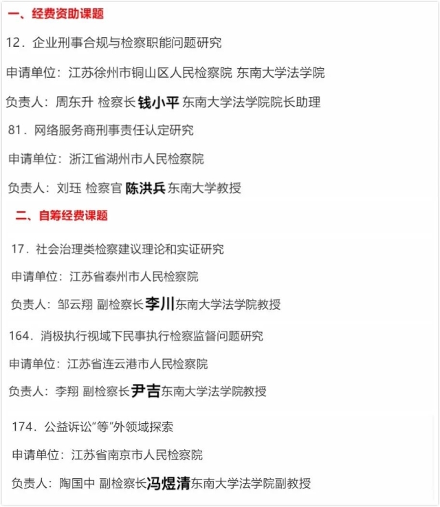 2020年7月7日,经最高人民检察院研究决定,2020年度最高人民检察院检察应用理论研究课题立项283项,其中,经费资助课题90项,自筹经费课题193项。由湖州市人民检察院刘珏检察官主持、必赢陈洪兵教授参与主持的“网络服务商刑事责任认定研究”和由徐州市铜山区人民检察院周东升检察长主持、必赢钱小平副教授参与主持的“企业刑事合规与检察职能问题研究”获得经费资助课题立项,由连云港市人民检察院李翔副检察长主持、必赢尹吉教授参与主持的“消极执行视域下民事执行检察监督问题研究”、由泰州市人民检察院邹云翔副检察长主持、必赢李川教授参与主持的“社会治理类检察建议理论和实证研究”以及由南京市人民检察院陶国中副检察长主持、必赢冯煜清副教授参与主持的“公益诉讼‘等’外领域探索”获得自筹经费课题立项。
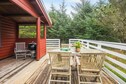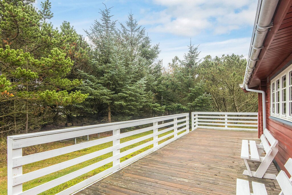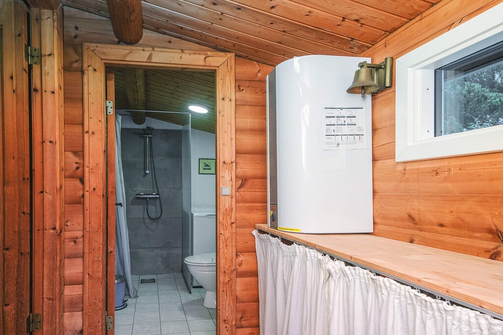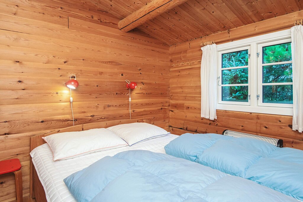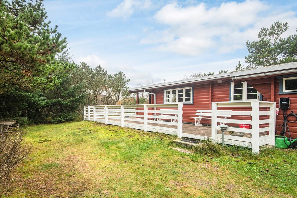 Log house located in undisturbed surroundings by Grærup. The cottage has an open kitchen and living room with wood burning stove. From the living room there is access to a lovely wooden terrace with a view of a meadow area where red deer and roe deer often roam. Not for rent to youth groups. Free access to water park.
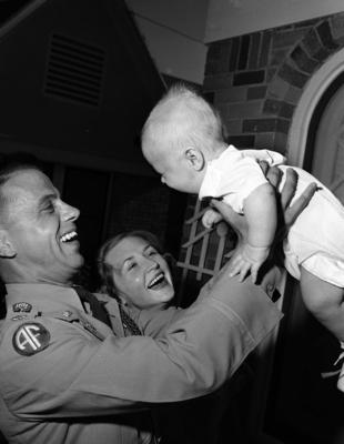 Image of Major Ronald A. Kapp, an army man fresh from the battlefields of Korea, meets his 4-month-old son, Ronald A. Kapp Jr., for the first time. His wife, daughter of Mr. and Mrs. C. T. Subbie of 1712 Frederick, watches the meeting. Published in Fort Worth Star-Telegram evening edition July 12, 1951.
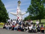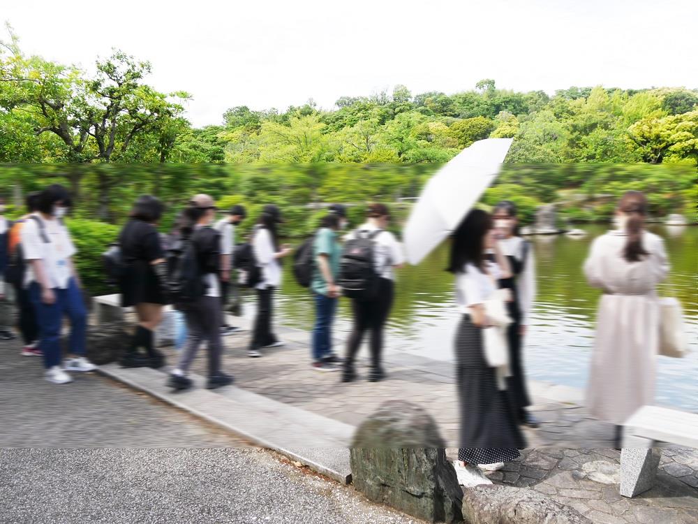 現地では、まず、「平和のバラ園」前において、全員で記念撮影をしました。その後、国立民族博物館(みんぱく)において、世界の諸民族の社会と文化について学びました。皆さん、与えられた課題(ワークシート)に真剣に取り組んでいましたね。 先生もチャレンジしましたが、解答をなかなか探し出せずに苦労しました。皆さんは全問正解できましたか? 「みんぱく」の後は、太陽の塔の前で記念撮影をしました。やはり、太陽の塔は迫力があり、思わず写真を撮りたくなりますよね。その後、2時間程度の自由行動を満喫し、最後に日本庭園を散策しました。心洗われる美しい景色で、空気がおいしく感じましたね。
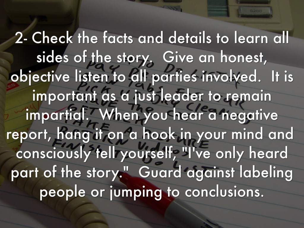 2- Check the facts and details to learn all sides of the story. Give an honest, objective listen to all parties involved. It is important as a just leader to remain impartial. When you hear a negative report, hang it on a hook in your mind and consciously tell yourself, "I've only heard part of the story." Guard against labeling people or jumping to conclusions.
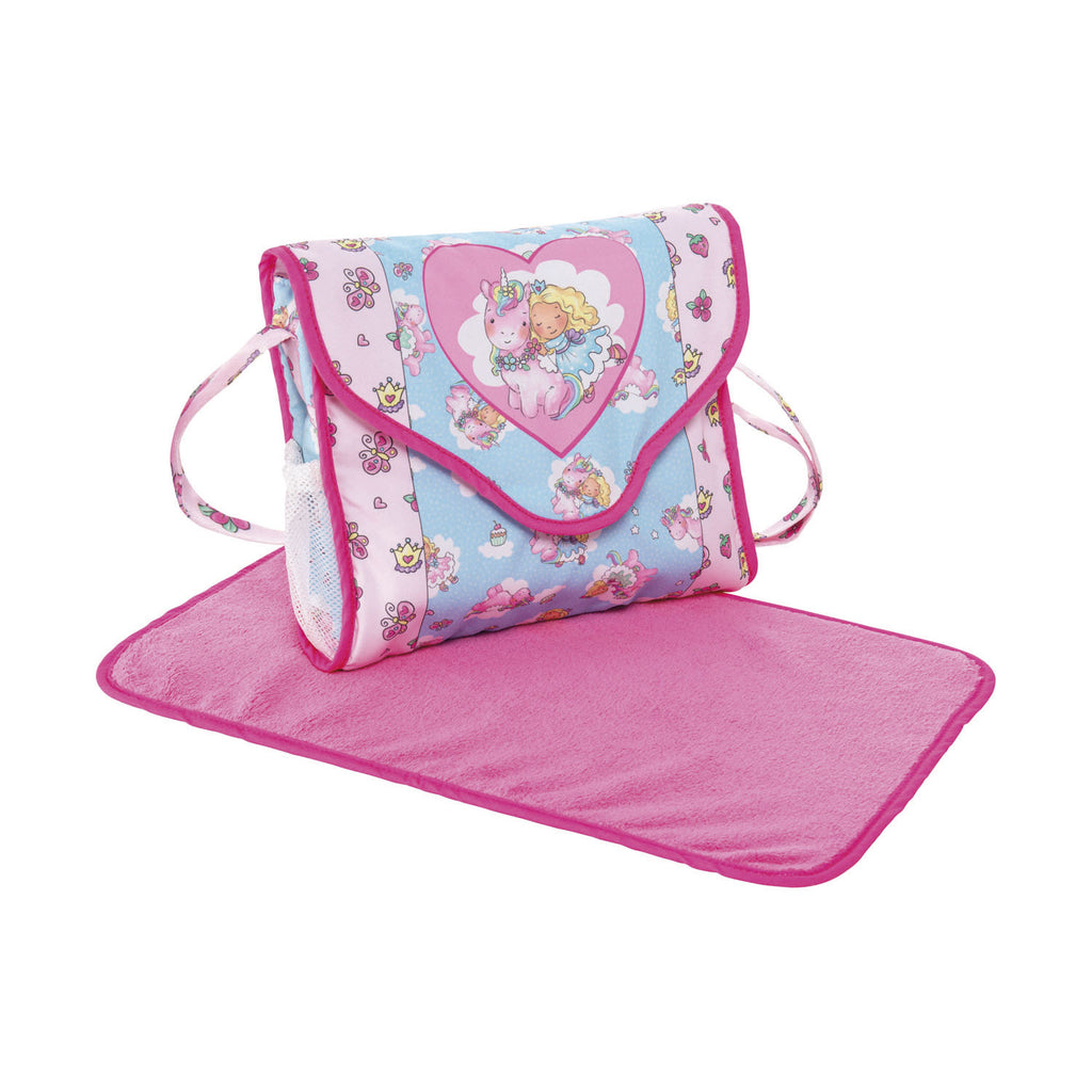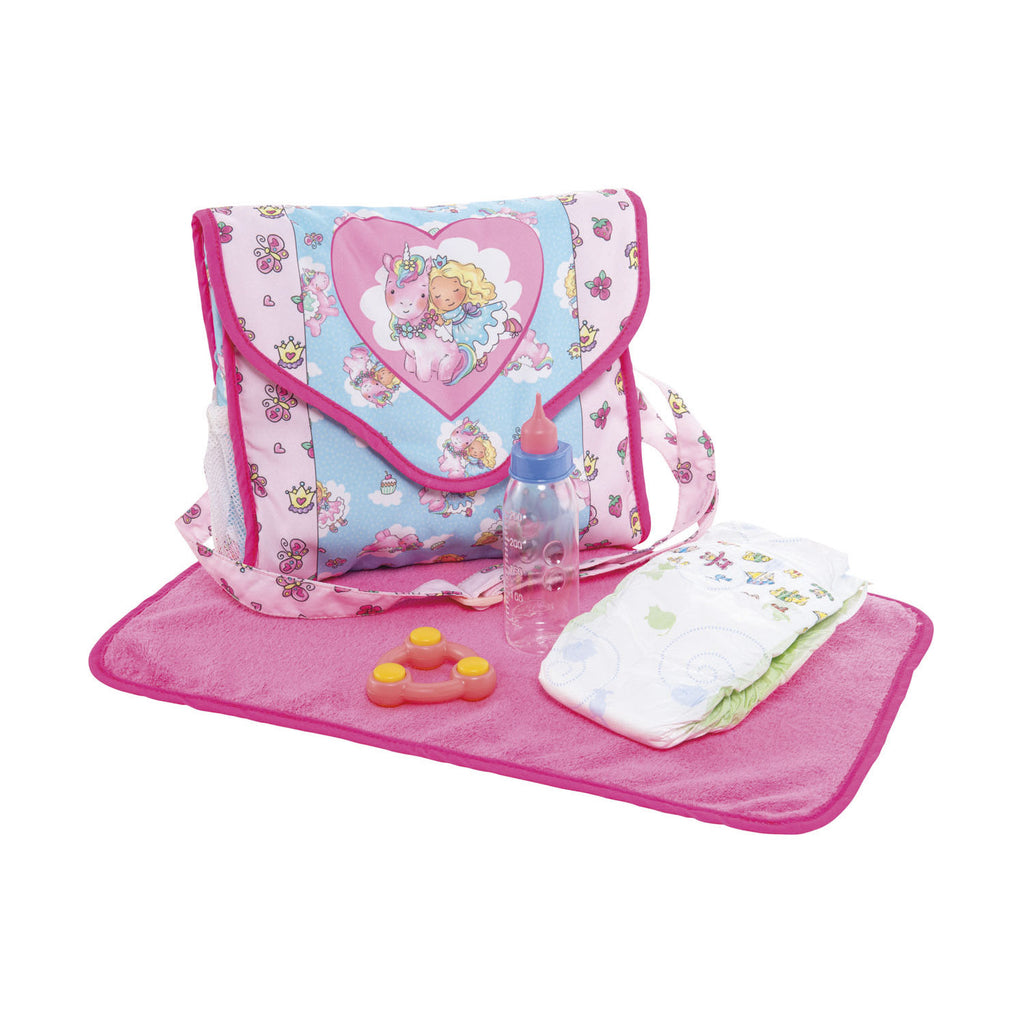 Poppen Verzorgingsset Eenhoorn. De luiertas heeft een schattige all-over print en is gevuld met een aankleedkussen, een luier, een kleine rammelaar en een fles.
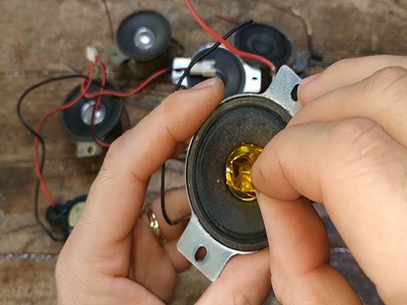 - Đợi keo nguội và cứng lại, sau đó kéo nhẹ nhàng phần keo để màng loa dần trở lại hình dạng ban đầu.
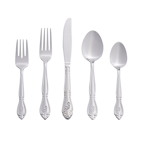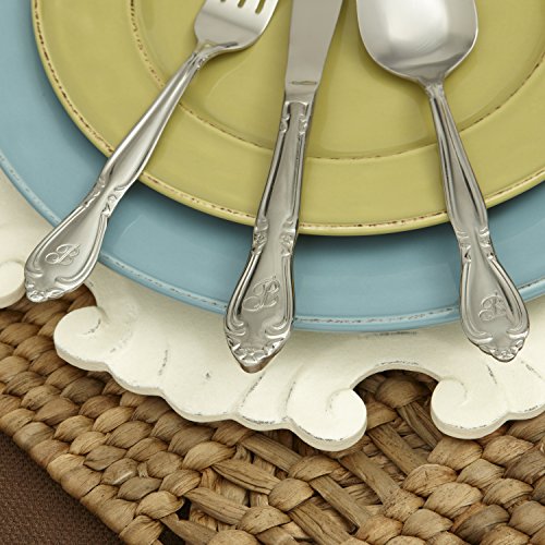 RiverRidge Home 46 Piece Monogrammed Flatware, Rose Pattern, Service for 8, S
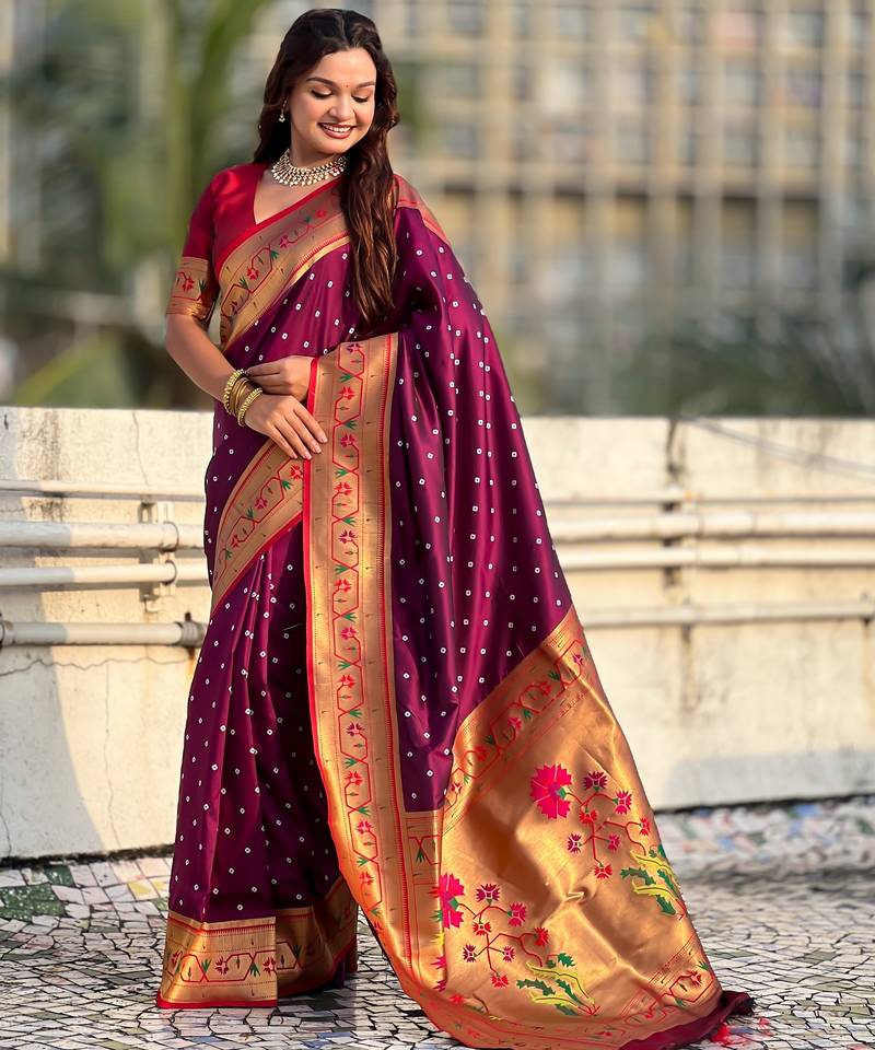 Wine color beautiful soft silk blend woven designer partywear saree
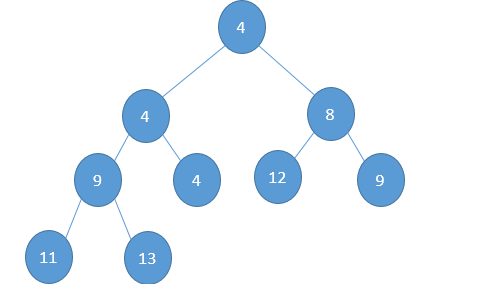Now the process of bubbling down starts. We see that at the root node, 12 is greater than 4 and 8. So we swap it with smaller of children i.e. 4.
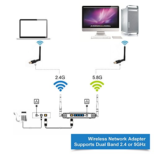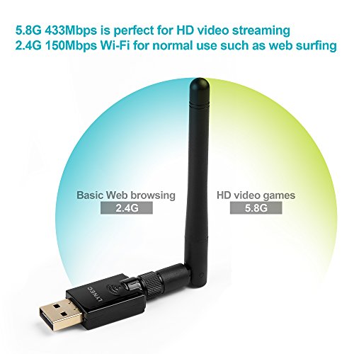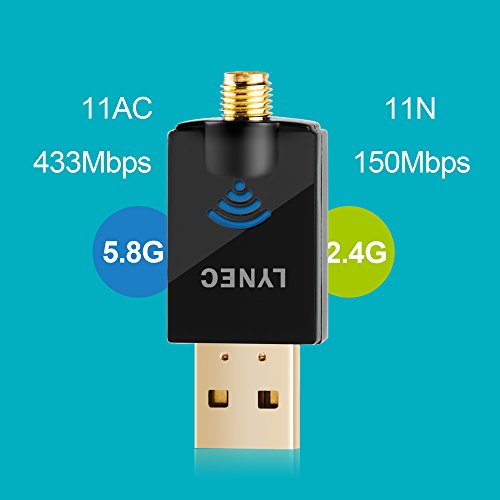 -. Binding : Electronics -. Brand : LYNEC -. Color : Black -. EAN : 0710185707921 -. Feature : Upgrades PCs to 802.11ac, the latest & most powerful Wi-Fi technology - 3 times faster than wireless N speeds. Ideal for gaming online and seamless HD video streaming / Up to 600Mbps Wi-Fi speeds on 5GHz (433Mbps) and 2.4GHz (150Mbps) bands. Dual band reduces interference for better connections to more Wi-Fi devices / 802.11ac Wi-Fi technology and detachable 2dBi omni-directional dual band antenna for increased coverage and stability / Beamforming+ technology boosts speed, range and reliability. / Innovative mini-design is very ideal for travel and desktop placement. Compatibility: Windows 8.1 Windows 7, Windows Vista, Windows XP -. Label : LYNEC -. Manufacturer : LYNEC -. Model : UC6 -. MPN : UC6 -. OperatingSystem : Windows XP -. PackageQuantity : 1 -. PartNumber : UC6 -. ProductGroup : PC Accessory -. ProductTypeName : NETWORKING_DEVICE -. Publisher : LYNEC -. Studio : LYNEC -. Title : LYNEC UC6 600Mbps 802.11ac Dual Band 2.4G/5G Wireless Network Adapter USB Wi-Fi Adapter with 2dBi Antenna Support Windows XP,Windows Vista,Win 7,Win 8.1 -. UPC : 710185707921
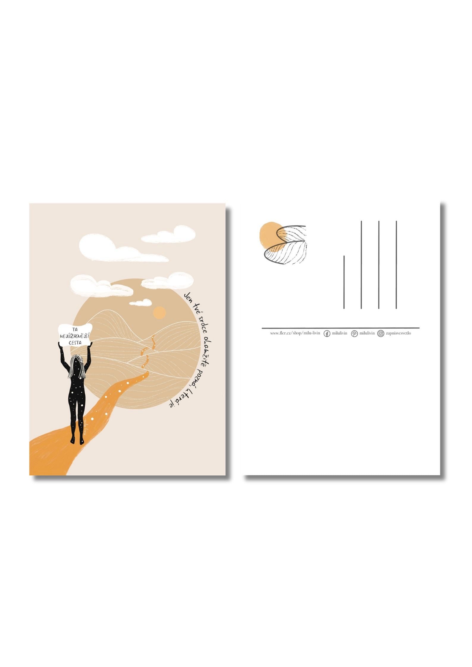Jemná pohlednice s autorskou ilustrací a poselstvím "Jen tvé srdce okamžitě pozná, která je ta nejúžasnější cesta." Vhodná k darování, psaní i vystavení - třeba jako připomínka, že srdce je náš kompas.
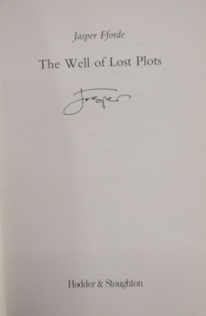 Fforde, Jasper. " Something Rotten" Hodder and Stoughton 2004, signed 'Jasper' on the title page,  " The Well of Lost Plots" Hodder and Stoughton 2003, signed 'Jasper' on the title page, " First Among Sequels" Hodder and Stoughton 2007, " One of Our Thursdays is MIssing" Hodder and Stoughton 2011, signed 'Jasper' on the title page, " Lost in a Good Book" Hodder and Stoughton 2002, signed 'Jasper' on the title page, " The Eyre Affair" Hodder and Stoughton 2001, signed in capitals on the title page, all with fine dustwrappers, not price clipped. ( 6)
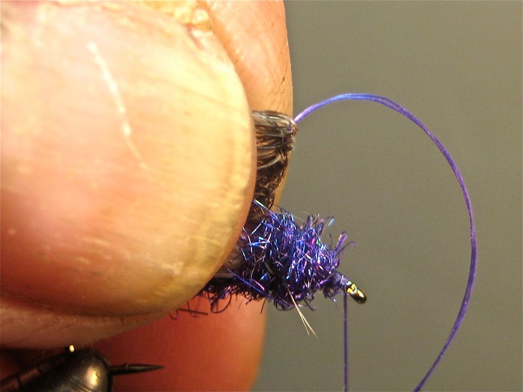 mash barb, start thread; tie in yarn and wrap to bend; trim (gap width)
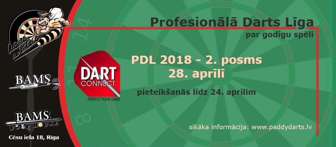 28. aprīlī biljarda kluba BAMS telpās tika aizvadīts Profesionālās Darts Līgas otrais posms, kurā piedalījās 11 dalībnieki. Turnīra pirmo vietu izcīnīja Kristaps Mickus, kurš trijās Lasīt vairāk
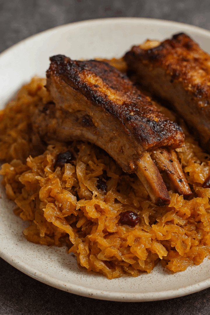 Żeberka pieczone w kapuście kiszonej
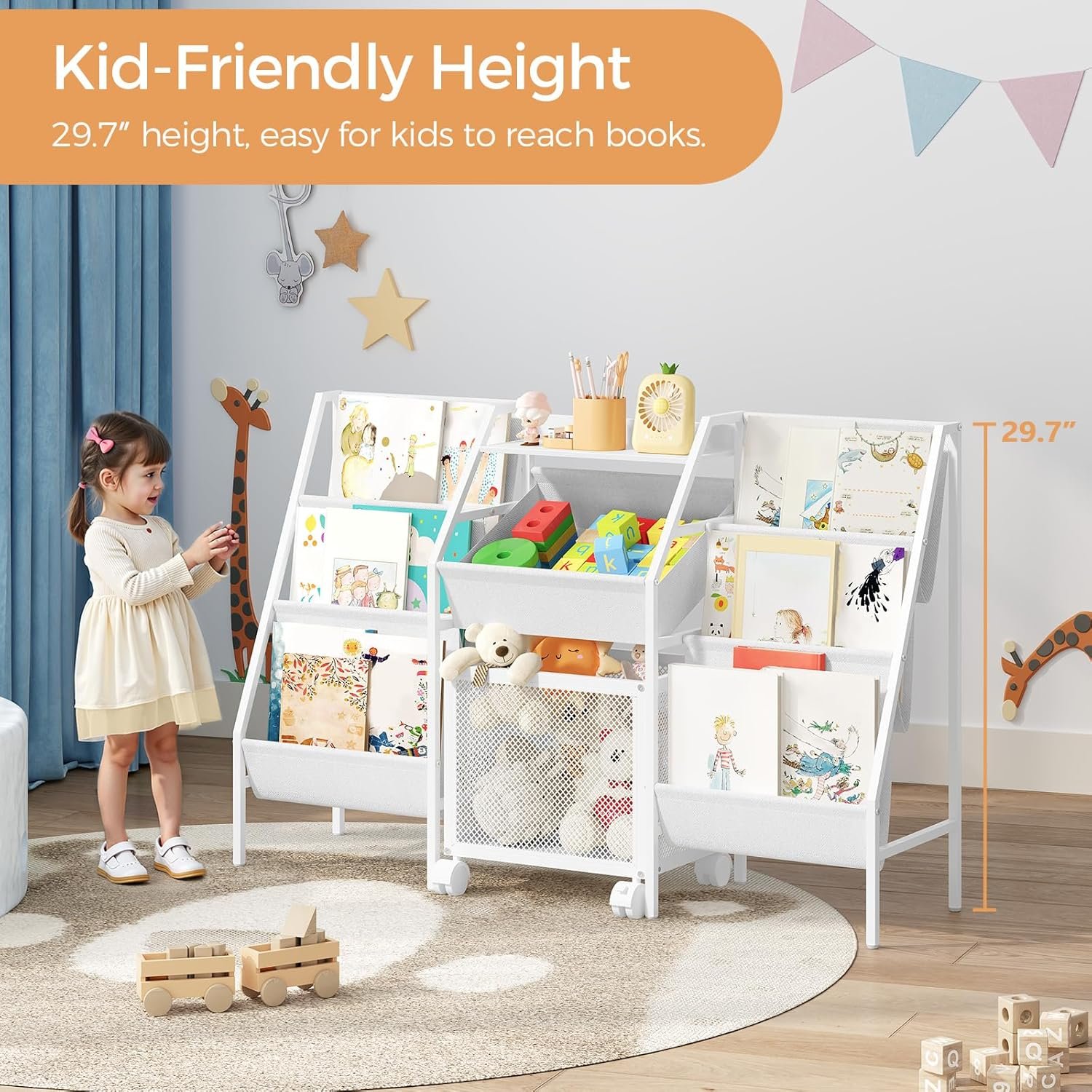 Stores and displays more picture books, easy for kids to reach and organize.

■ Work item ■
Needed here is a verbatim copy of the data from the first line through the line with "- Đợi keo nguội", without pictures.

■ Response ■
 2020年7月7日,经最高人民检察院研究决定,2020年度最高人民检察院检察应用理论研究课题立项283项,其中,经费资助课题90项,自筹经费课题193项。由湖州市人民检察院刘珏检察官主持、必赢陈洪兵教授参与主持的“网络服务商刑事责任认定研究”和由徐州市铜山区人民检察院周东升检察长主持、必赢钱小平副教授参与主持的“企业刑事合规与检察职能问题研究”获得经费资助课题立项,由连云港市人民检察院李翔副检察长主持、必赢尹吉教授参与主持的“消极执行视域下民事执行检察监督问题研究”、由泰州市人民检察院邹云翔副检察长主持、必赢李川教授参与主持的“社会治理类检察建议理论和实证研究”以及由南京市人民检察院陶国中副检察长主持、必赢冯煜清副教授参与主持的“公益诉讼‘等’外领域探索”获得自筹经费课题立项。
 Log house located in undisturbed surroundings by Grærup. The cottage has an open kitchen and living room with wood burning stove. From the living room there is access to a lovely wooden terrace with a view of a meadow area where red deer and roe deer often roam. Not for rent to youth groups. Free access to water park.
 Image of Major Ronald A. Kapp, an army man fresh from the battlefields of Korea, meets his 4-month-old son, Ronald A. Kapp Jr., for the first time. His wife, daughter of Mr. and Mrs. C. T. Subbie of 1712 Frederick, watches the meeting. Published in Fort Worth Star-Telegram evening edition July 12, 1951.
 現地では、まず、「平和のバラ園」前において、全員で記念撮影をしました。その後、国立民族博物館(みんぱく)において、世界の諸民族の社会と文化について学びました。皆さん、与えられた課題(ワークシート)に真剣に取り組んでいましたね。 先生もチャレンジしましたが、解答をなかなか探し出せずに苦労しました。皆さんは全問正解できましたか? 「みんぱく」の後は、太陽の塔の前で記念撮影をしました。やはり、太陽の塔は迫力があり、思わず写真を撮りたくなりますよね。その後、2時間程度の自由行動を満喫し、最後に日本庭園を散策しました。心洗われる美しい景色で、空気がおいしく感じましたね。
 2- Check the facts and details to learn all sides of the story. Give an honest, objective listen to all parties involved. It is important as a just leader to remain impartial. When you hear a negative report, hang it on a hook in your mind and consciously tell yourself, "I've only heard part of the story." Guard against labeling people or jumping to conclusions.
 Poppen Verzorgingsset Eenhoorn. De luiertas heeft een schattige all-over print en is gevuld met een aankleedkussen, een luier, een kleine rammelaar en een fles.
 - Đợi keo nguội và cứng lại, sau đó kéo nhẹ nhàng phần keo để màng loa dần trở lại hình dạng ban đầu.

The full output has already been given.